• _Assignment_
Given these entries, repeat exactly the lines starting with the one that has "002 행복한 청소부" and going on through the one that has "WILDSWANSのミニ財布", both included, but none of the pictures.

• _Data for this exercise_
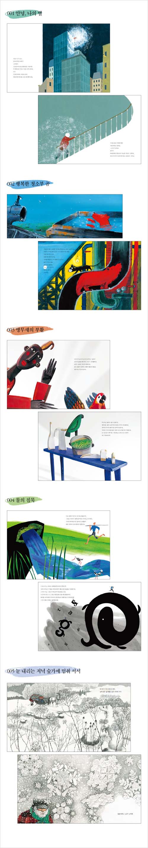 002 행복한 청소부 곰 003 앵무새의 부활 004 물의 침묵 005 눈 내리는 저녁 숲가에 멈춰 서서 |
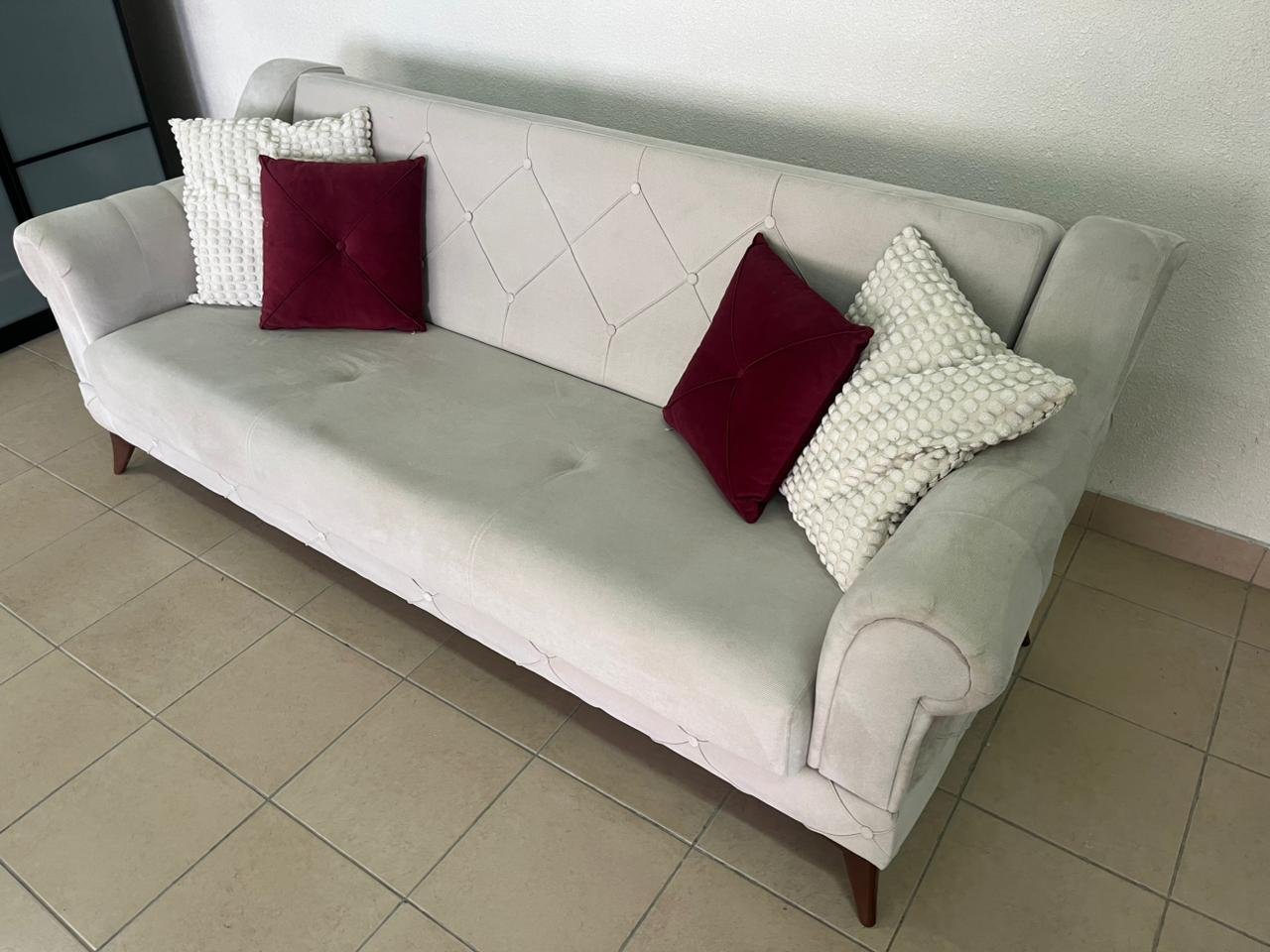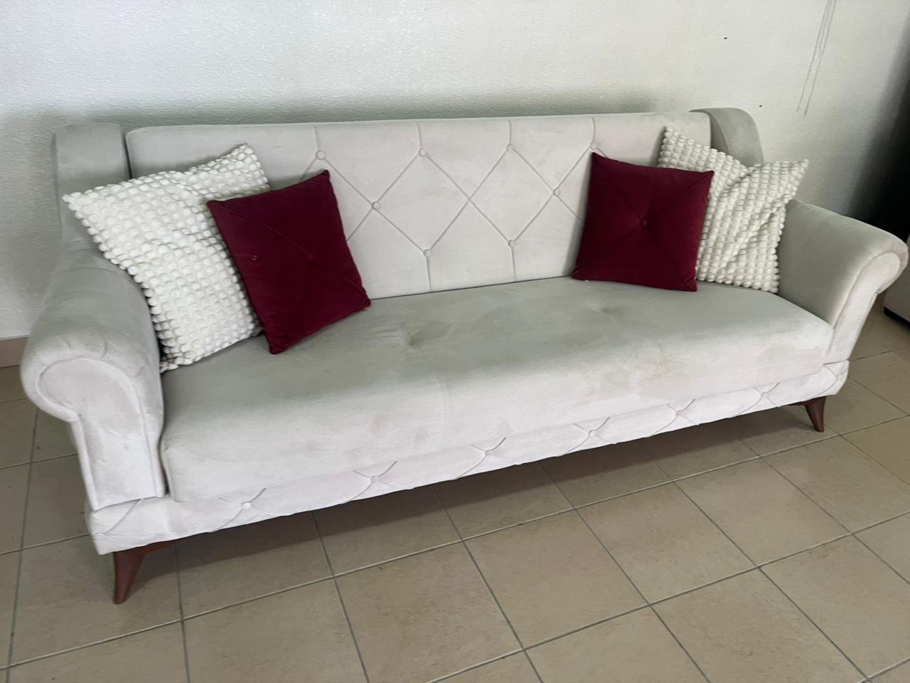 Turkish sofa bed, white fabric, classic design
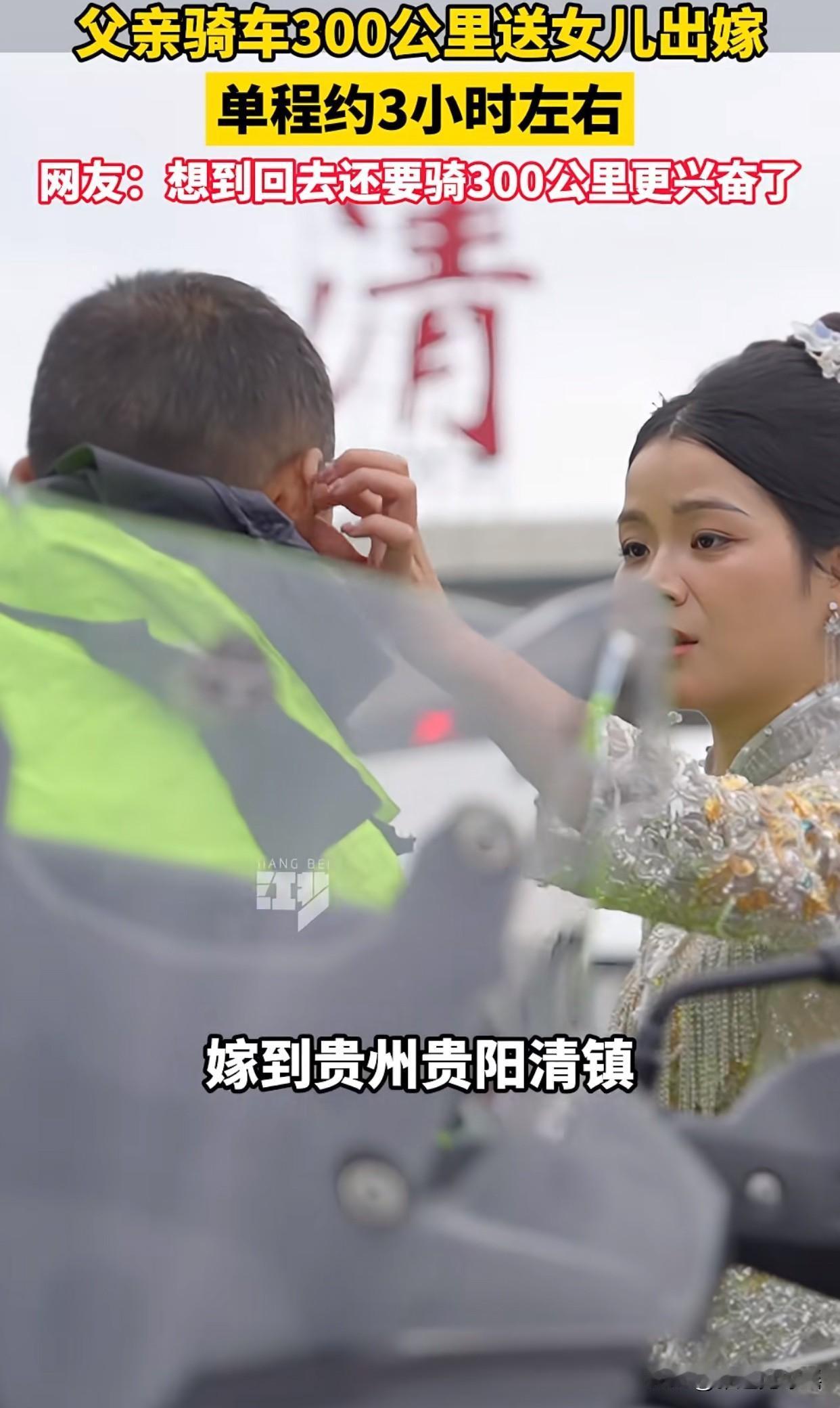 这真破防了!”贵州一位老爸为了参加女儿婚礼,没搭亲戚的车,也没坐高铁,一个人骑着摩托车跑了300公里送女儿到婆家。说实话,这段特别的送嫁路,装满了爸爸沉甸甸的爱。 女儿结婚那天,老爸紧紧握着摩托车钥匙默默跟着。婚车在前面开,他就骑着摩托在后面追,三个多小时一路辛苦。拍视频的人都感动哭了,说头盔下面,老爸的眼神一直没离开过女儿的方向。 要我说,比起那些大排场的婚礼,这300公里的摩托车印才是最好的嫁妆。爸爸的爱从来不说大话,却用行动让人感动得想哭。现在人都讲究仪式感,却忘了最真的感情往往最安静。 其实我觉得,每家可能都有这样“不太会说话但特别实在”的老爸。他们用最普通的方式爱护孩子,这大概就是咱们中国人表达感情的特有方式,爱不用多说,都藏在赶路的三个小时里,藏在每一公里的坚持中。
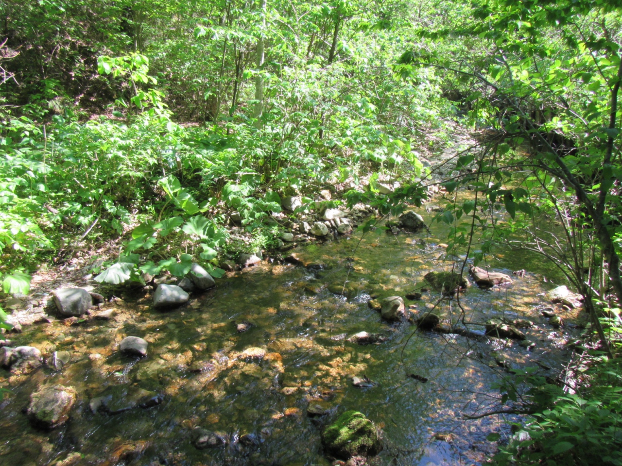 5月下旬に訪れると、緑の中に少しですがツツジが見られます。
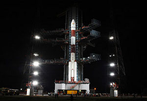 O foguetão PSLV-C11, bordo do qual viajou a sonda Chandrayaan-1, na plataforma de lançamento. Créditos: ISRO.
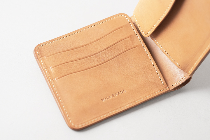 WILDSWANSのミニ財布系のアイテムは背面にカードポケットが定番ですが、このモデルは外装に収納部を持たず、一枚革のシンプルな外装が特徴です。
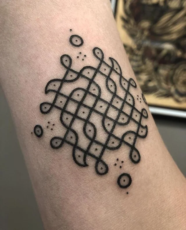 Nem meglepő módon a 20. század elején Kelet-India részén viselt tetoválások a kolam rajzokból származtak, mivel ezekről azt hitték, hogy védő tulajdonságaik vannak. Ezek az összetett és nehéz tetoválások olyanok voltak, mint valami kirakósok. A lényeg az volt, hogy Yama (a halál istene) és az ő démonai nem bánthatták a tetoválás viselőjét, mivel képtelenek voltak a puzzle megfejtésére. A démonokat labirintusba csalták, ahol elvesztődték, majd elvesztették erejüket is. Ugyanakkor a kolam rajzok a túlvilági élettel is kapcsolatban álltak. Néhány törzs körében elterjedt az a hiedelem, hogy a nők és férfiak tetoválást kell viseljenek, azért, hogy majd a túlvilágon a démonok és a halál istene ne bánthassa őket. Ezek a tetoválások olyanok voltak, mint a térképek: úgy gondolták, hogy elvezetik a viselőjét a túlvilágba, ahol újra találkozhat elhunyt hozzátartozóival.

...

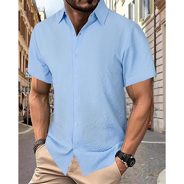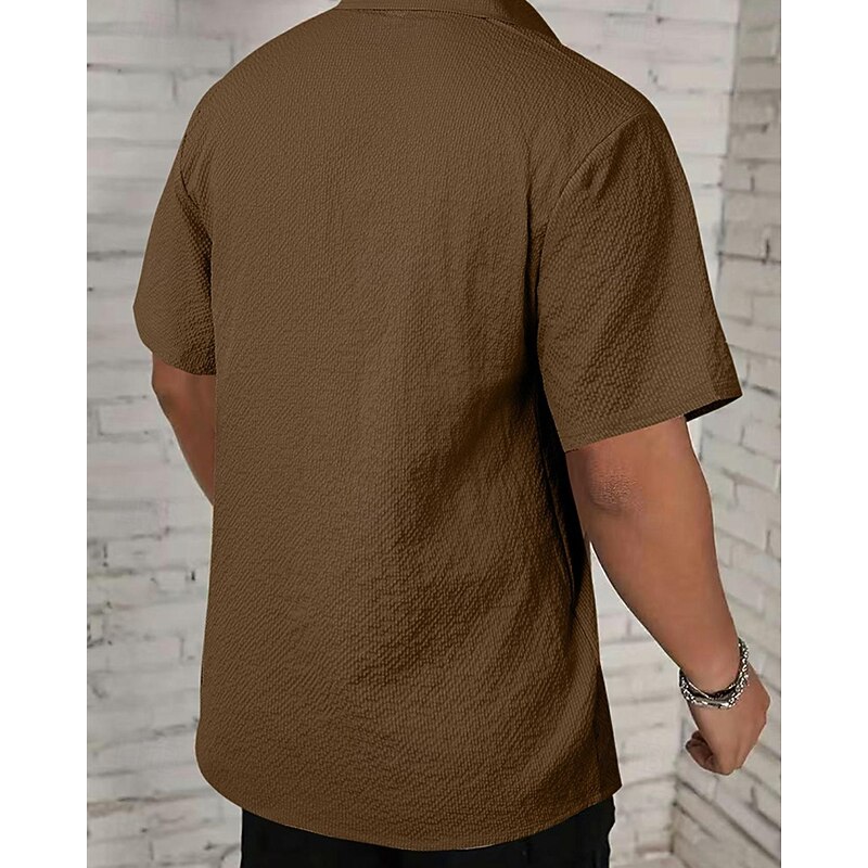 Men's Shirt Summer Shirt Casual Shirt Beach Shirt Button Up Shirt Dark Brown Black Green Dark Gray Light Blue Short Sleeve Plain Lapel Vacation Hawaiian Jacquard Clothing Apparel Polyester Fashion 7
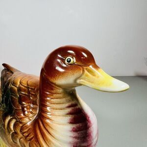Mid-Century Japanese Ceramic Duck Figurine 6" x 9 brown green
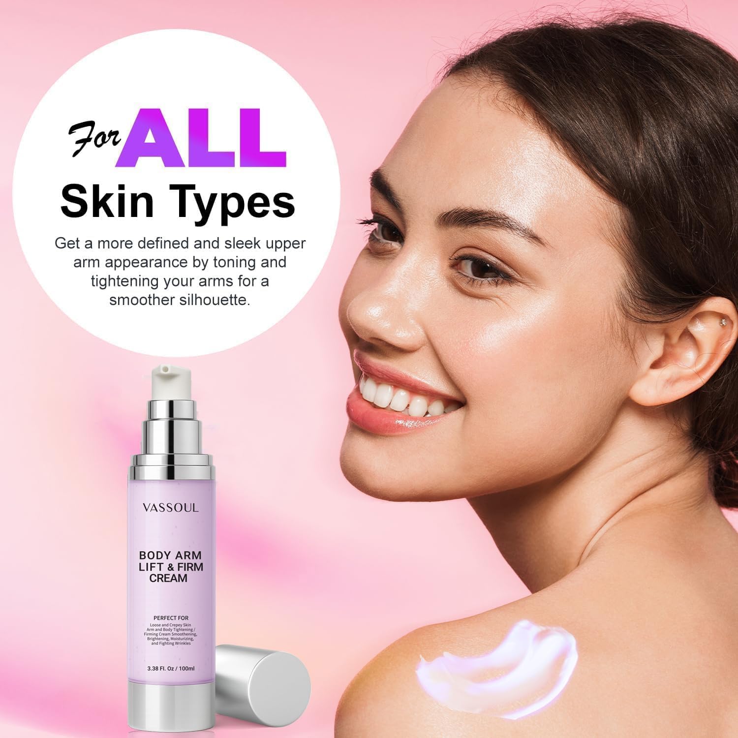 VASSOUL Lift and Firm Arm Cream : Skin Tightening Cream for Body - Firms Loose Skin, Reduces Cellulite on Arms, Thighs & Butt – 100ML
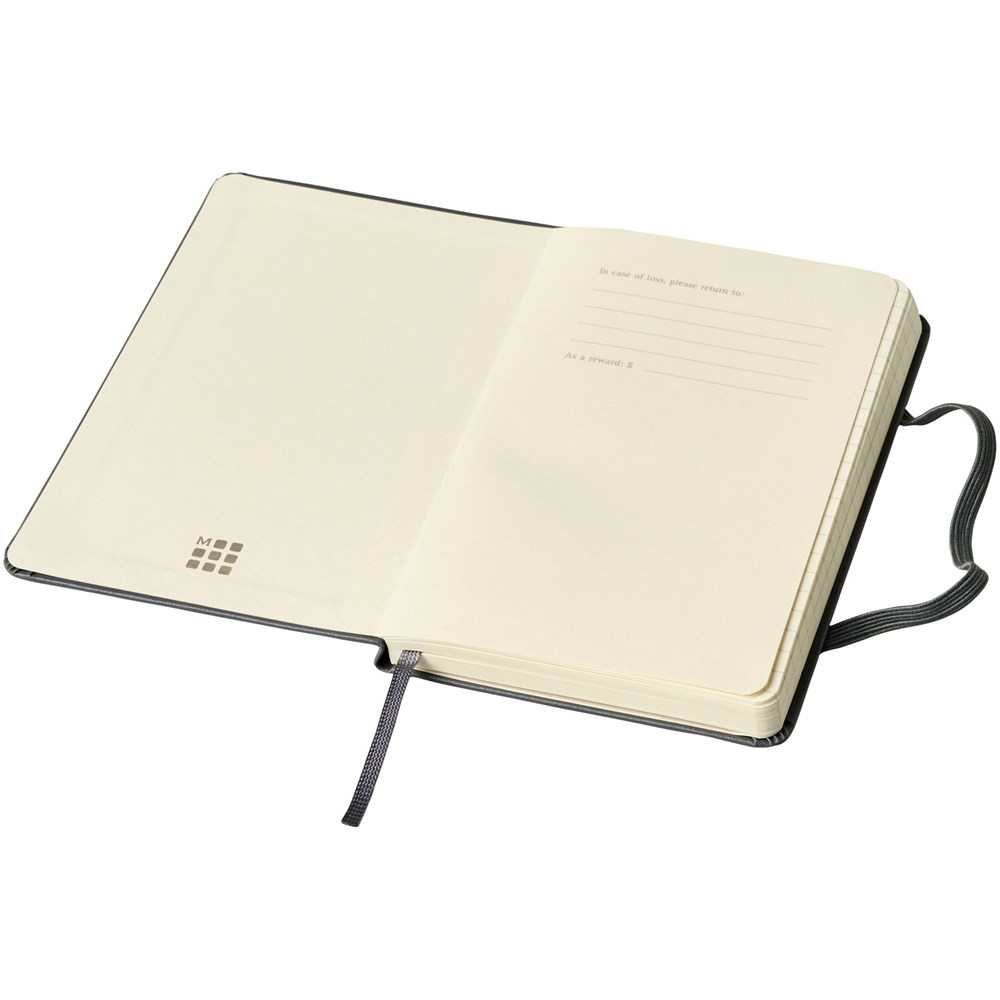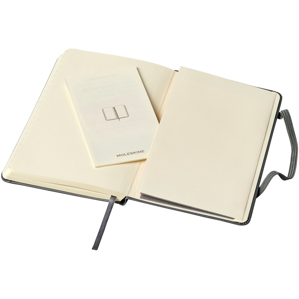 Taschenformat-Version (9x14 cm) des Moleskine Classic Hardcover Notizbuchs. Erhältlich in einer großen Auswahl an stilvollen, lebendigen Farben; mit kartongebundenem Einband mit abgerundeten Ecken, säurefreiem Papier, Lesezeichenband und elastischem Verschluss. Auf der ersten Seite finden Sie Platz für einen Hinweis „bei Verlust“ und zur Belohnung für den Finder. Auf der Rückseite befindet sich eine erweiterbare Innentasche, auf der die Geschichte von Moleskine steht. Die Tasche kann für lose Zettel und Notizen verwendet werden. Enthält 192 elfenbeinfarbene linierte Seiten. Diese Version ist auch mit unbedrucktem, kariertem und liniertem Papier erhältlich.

• _Solution_
 002 행복한 청소부 곰 003 앵무새의 부활 004 물의 침묵 005 눈 내리는 저녁 숲가에 멈춰 서서 |
 Turkish sofa bed, white fabric, classic design
 这真破防了!”贵州一位老爸为了参加女儿婚礼,没搭亲戚的车,也没坐高铁,一个人骑着摩托车跑了300公里送女儿到婆家。说实话,这段特别的送嫁路,装满了爸爸沉甸甸的爱。 女儿结婚那天,老爸紧紧握着摩托车钥匙默默跟着。婚车在前面开,他就骑着摩托在后面追,三个多小时一路辛苦。拍视频的人都感动哭了,说头盔下面,老爸的眼神一直没离开过女儿的方向。 要我说,比起那些大排场的婚礼,这300公里的摩托车印才是最好的嫁妆。爸爸的爱从来不说大话,却用行动让人感动得想哭。现在人都讲究仪式感,却忘了最真的感情往往最安静。 其实我觉得,每家可能都有这样“不太会说话但特别实在”的老爸。他们用最普通的方式爱护孩子,这大概就是咱们中国人表达感情的特有方式,爱不用多说,都藏在赶路的三个小时里,藏在每一公里的坚持中。
 5月下旬に訪れると、緑の中に少しですがツツジが見られます。
 O foguetão PSLV-C11, bordo do qual viajou a sonda Chandrayaan-1, na plataforma de lançamento. Créditos: ISRO.
 WILDSWANSのミニ財布系のアイテムは背面にカードポケットが定番ですが、このモデルは外装に収納部を持たず、一枚革のシンプルな外装が特徴です。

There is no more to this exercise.